Despite the potential for air pollution mitigation to contribute to reaching climate change goals – and to meeting the Sustainable Development Goals on food security and public health – financing and governance mechanisms do not sufficiently recognize this connection. Too often we address these issues in silos, when solutions should be optimized for multiple benefits using integrated criteria to decide on funding policies.

Two of the three pillars of the United Nations Environment Programme's "triple planetary crises" – climate and nature – are now covered by binding international frameworks for mitigation in the Paris and Kunming agreements respectively. Air pollution, however, is still only being addressed via a fragmented field of frameworks across polluting subsectors, substances, and regions.

Under the Climate and Clean Air Coalition, state and non-state partners have joined forces to remedy that. Our partner state ministers and heads of agencies have agreed it is "breathing time," and we are developing a Clean Air Flagship effort to unblock key obstacles to action.

The next step is to seek an ambitious and achievable international goal that can connect and strengthen regional plans, programmes, and agreements. The precedent set by the Global Methane Pledge shows that creating a voluntary global rallying point and process, based on shared responsibility and incentivized by the multi-faceted benefits of climate and clean air action, may be a feasible way forward.

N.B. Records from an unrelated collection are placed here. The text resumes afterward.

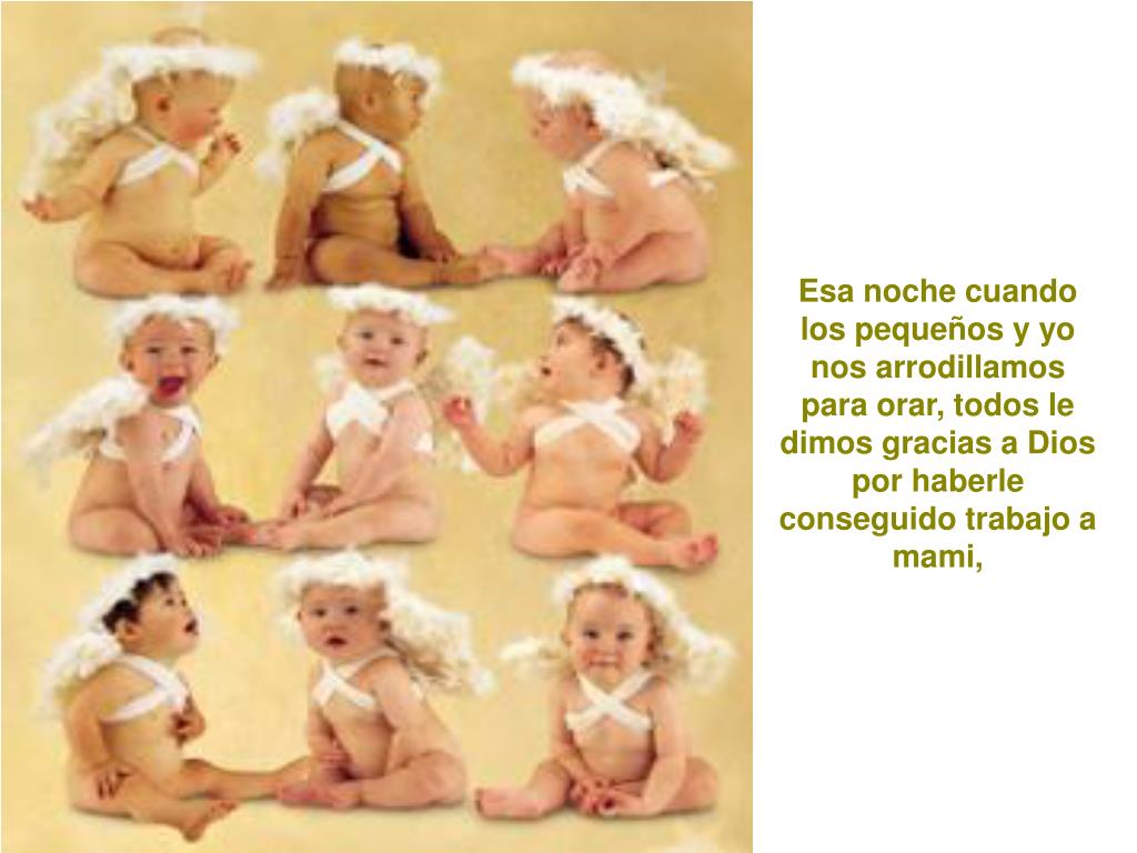 Esa noche cuando los pequeños y yo nos arrodillamos para orar, todos le dimos gracias a Dios por haberle conseguido trabajo a mami,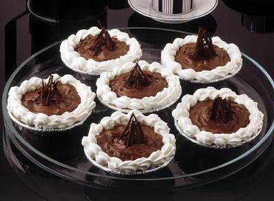 2. Beat 2/3 cup whipping cream until stiff in small bowl; fold into chocolate mixture. Divide evenly into crusts. Cover; refrigerate until firm. Just before serving, beat remaining 1/3 cup whipping cream, powdered sugar and vanilla until stiff; serve on tarts as garnish. Refrigerate leftovers. 8 servings.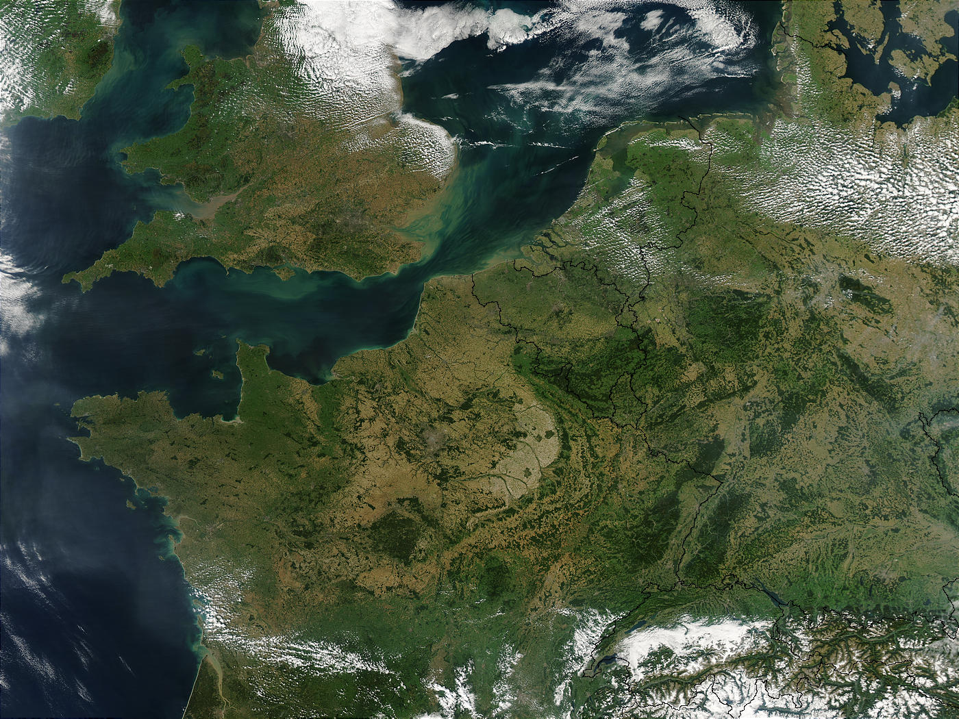 Much of northwestern Europe is shown in this true-color Aqua MODIS image from September 13, 2002. From upper left are Ireland, England, France, Belgium, the Netherlands, Germany, Denmark, Austria, and Switzerland. Although London and Paris are both visible at the 1-kilometer resolutions as dark gray patches on the landscape. Sate Imaging shows you the whole lay out and landscape of this northwest region. Therefore showing you the distance between each city and the bay and sea. You can see a very clear image showing you the landscape.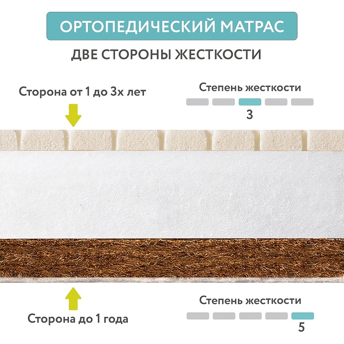 • Две стороны разной жесткости: жесткая сторона для сна в первые месяцы (5 из 5) и более эластичная для подрастающего малыша (4 из 5). Результат — спокойный, комфортный сон и правильная осанка.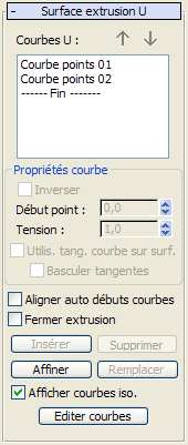 Ajoute une courbe à la surface d'extrusion U. Cliquez sur insérer, puis sur la courbe. La courbe est insérée avant la courbe sélectionnée. Pour insérer une courbe à la fin, commencez par sélectionner " ----Fin----- " dans la liste.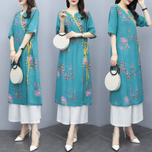 轻奢高端时尚棉麻套装女士夏装新款气质减龄2021夏装新款大码显瘦两印花上衣休闲棉麻套装女 两 S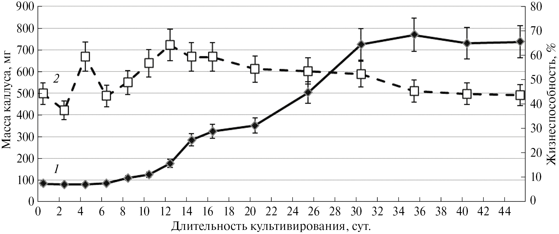 Для исследования цитофизиологических характеристик использовали каллусы девятого пассажа, полученные из эксплантов гипокотиля. Анализ цитофизиологических параметров популяции каллусных клеток в цикле выращивания проводили на 0, 2, 4, 6, 8, 10, 12, 14, 16, 20, 25, 30, 35, 40, 45 сут. культивирования. Массу сырого каллуса оценивали на основании взвешивания не менее 20 индивидуальных каллусов. Удельную скорость роста (μ) определяли по формуле [23]: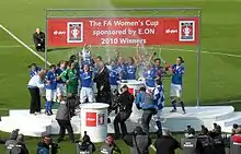 Everton Ladies fejrer, at de har vundet Pokalfinalen 2010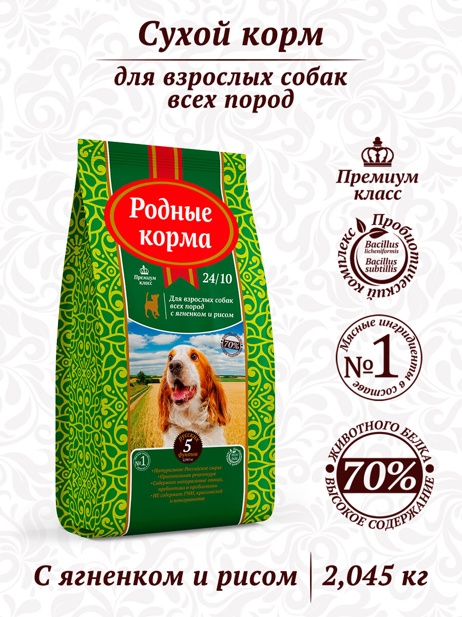 Cухой корм для взрослых собак ягненок с рисом, родные корма 23/10 5 русских фунтов 2,045 кг 1 169 ₽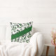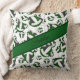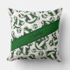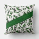 This cute volleyball team colours throw pillow for girls features a pattern of varied size stylized green, black and white volleyballs turned every which way overlying a volleyball net detail graphic - the volleyballs' green and black panels are blended with an artsy, girly floral pattern - personalize her name in a sophisticated handwritten font on a bold, angled, full width green colour strip - background and name strip colours are customizable - by katz_d_zynes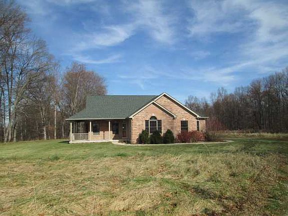 THIS GREAT ALL BRICK RANCH STYLE HOME FEATURES HARDWOOD FLOORS THRU OUT, MASTER SUITE WITH DUAL VANITIES AND WALK IN CLOSET, ADDITIONAL BEDROOM AND FULL BATH, AND OPEN FLOOR CONCEPT WITH VAULTED CEILINGS, LIVING ROOM/DINING ROOM COMBO AND A KITCHEN. HOME IS LOCATED ON 5.2 ACRES WITH A COVERED FRONT PORCH, STORAGE SHED, AND A THREE CAR ATTACHED GARAGE.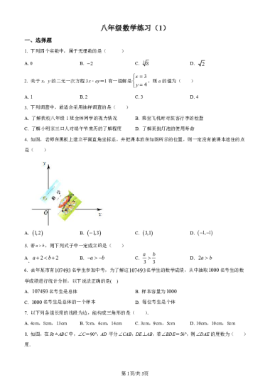 广益实验中学【试卷】2022-2023学年八年级上学期入学考试数学试题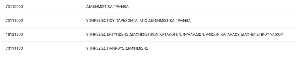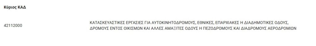 Δεκάδες ΚΑΔ της εταιρείας αφορούν στον κατασκευαστικό τομέα ενώ υπάρχουν και λίγοι ΚΑΔ για διαφημιστικές υπηρεσίες. Δείτε εδώ: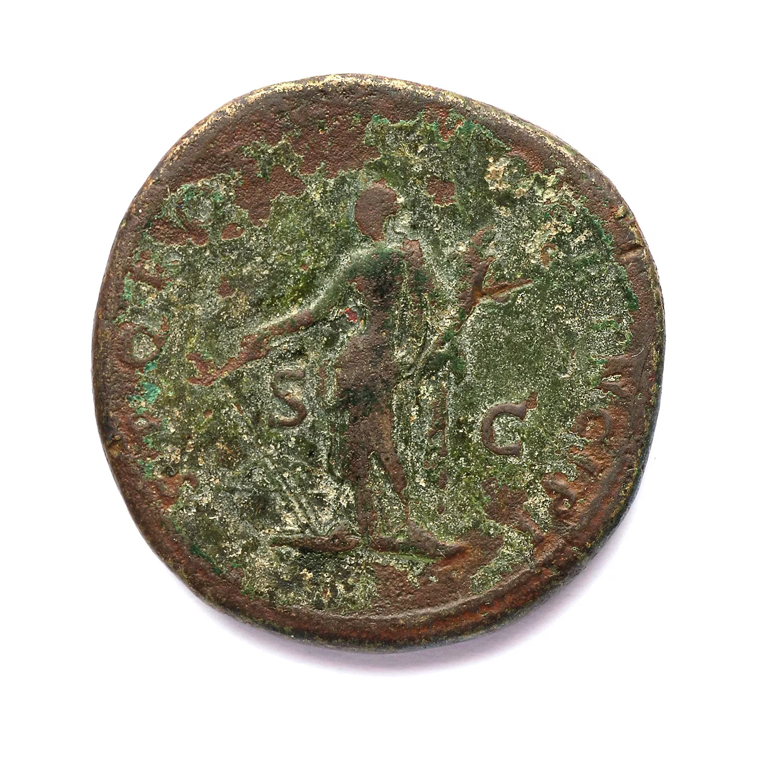 Fortuna debout à gauche tenant un gouvernail et une corne d'abondance ; derrière, proue

There are three important pillars upon which progress towards climate and clean air goals could be measured, while avoiding political barriers over responsibility for air pollution. The first is the updated WHO Air Quality Guidelines, which provide graduated targets towards safer levels of air pollution contextualized to regional characteristics.

The second is the science on the mechanisms of "airsheds" – regions that share a common flow of air – which identifies regional air flow patterns and their impacts. This applies between cities and regions in the same country and beyond and reduces finger-pointing over the sources of air pollution. We cannot influence how the wind blows, but we can cooperate in identifying solutions that work in both directions.

The third is funding. We currently fall short of funding for both climate and clean air. Even for climate, finance flows are nowhere near estimated needs, conservatively estimated at $4.5 trillion to $5 trillion annually. Adding assessment criteria for air quality outcomes in climate and health funding and vice versa is one avenue. But we need more, particularly of the kind of flexible funding that promotes innovation in technologies and business models and bridges levels of government. As the IMF has noted, such investments are necessary to avoid future systemic economic risks. And improving air quality is key to building stronger economies.

Synthesizing the challenges of air pollution and climate change would also optimize the direction of finance to areas which the established science shows are the highest priority. Action on air pollution is also climate action. Cleaning our air is one of the most immediate ways to protect the planet and fight climate change. There is no reason why climate and clean air benefits should just be incidental when we can intentionally seek to mitigate both.

The chronic and acute health impacts, crop losses, and more extreme weather events exacerbated by air pollution are not going away any time soon. It's about time we began planning for, and investing, to reduce the occurrence of what are now becoming cyclical reminders of deeply intertwined climate and clean air challenges.